Evidence of the benefit of corticosteroid treatment of hyperemesis gravidarum remains controversial. In our review, only limited randomized clinical trials were assessed, mainly comparing corticosteroid treatment to placebo in addition to routine hospital management. One of the largest available studies, an RCT in 2003, assessed corticosteroid supplementation in 56 patients to the routine treatment regimen of metoclopramide and promethazine. The primary outcome of the study was rehospitalization for hyperemesis, which occurred in 34% of women who received corticosteroids compared with 35% in women who received placebo . In another study, patients hospitalized in intensive care units for hyperemesis gravidarum were treated with a dose of either intravenous hydrocortisone 300 or 10 mg intravenous metoclopramide 3 times daily. The outcome analysis of the study showed a significant reduction in the number of emesis episodes starting from the second day of treatment in the hydrocortisone group . The safety of corticosteroids, mainly prednisone, has been debated. Prednisone is currently rated as a category C drug. Meta-analysis of exposure to prednisone during the first trimester of pregnancy revealed a positive association between fetal oral cleft defects and prednisone use .

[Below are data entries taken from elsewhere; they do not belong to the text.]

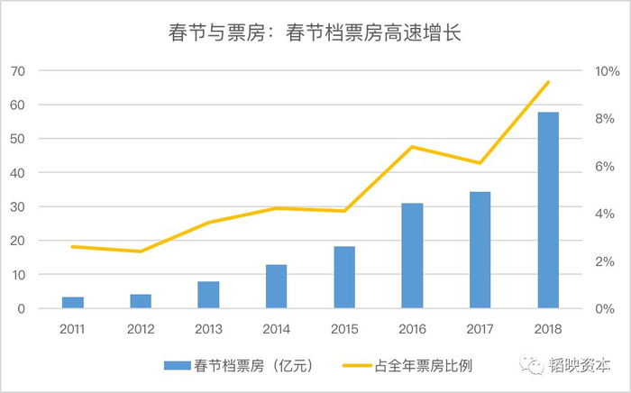 春节期间,难得一家人有钱有闲,聚在一起看个电影不失为一个好的选择。近年来,春节期间的电影票房保持高速增长,春节档也成为各大电影公司的必争之地。2011-2018年,春节档票房从3.4亿元一路上涨到57.7亿元,年度复合增长率高达50%,占全年票房比重从2.6%提升至9.5%。其中,头部影片的票房贡献率为80%左右。
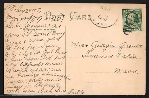 alte Ansichtskarte, gelaufen, Bugspur oben links, guter Zustand
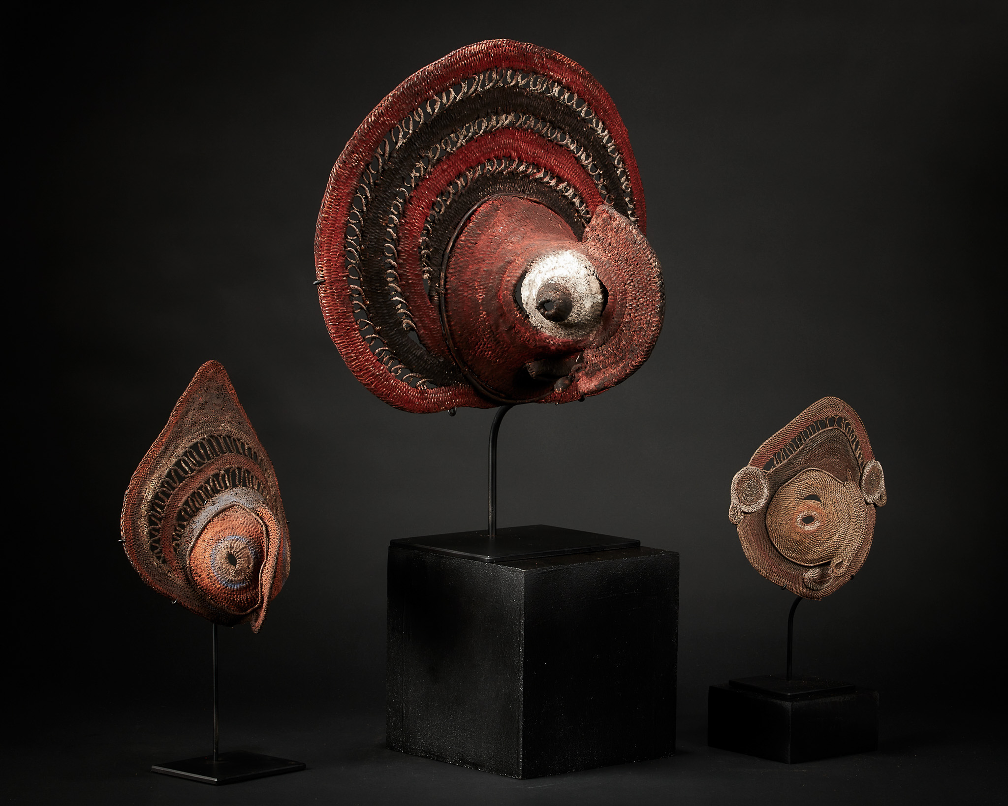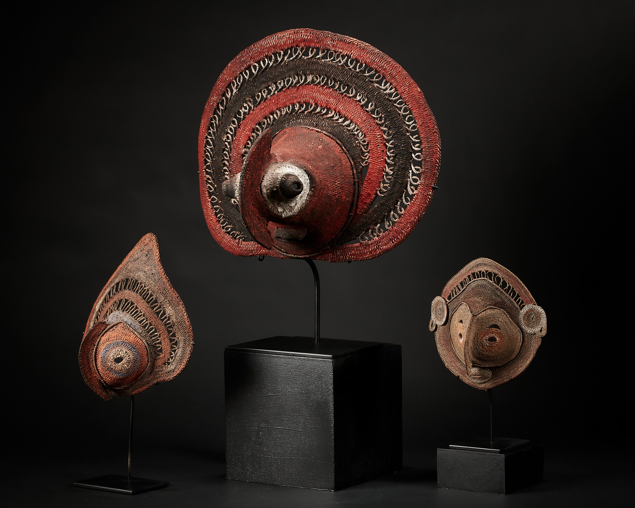 Three Yam Masks, babamini, Abelam people, East Sepik, Papua New Guinea

Therapeutic options in the treatment of patients with hyperemesis gravidarum are outlined in Table 1.
Hyperemesis gravidarum remains a disease of diagnosis based on clinical judgment and regretfully not upon strict, well-defined diagnostic criteria. Variability in the clinical definition contributes to the difficulty in performing meta-analyses of available research and currently hyperemesis gravidarum does not have a clearly established etiology. New research in the field, however, appears to be promising especially in the realm of genetics and familial predisposition to development of hyperemesis gravidarum. Although current literature appears to be in agreement with maternal morbidity, studies disagree on the association of fetal morbidity and hyperemesis gravidarum. The main focus of disagreement is the effect of hyperemesis gravidarum on gestational age at delivery and birth weight. The bulk of available research in the area is focused on therapeutic options and studies of multiple first-line agents including ondansetron and metoclopramide, which appear to show similar efficacy and safety. Studies on therapeutics for refractory hyperemesis gravidarum are few in number, suggesting opportunities for further research in this arena.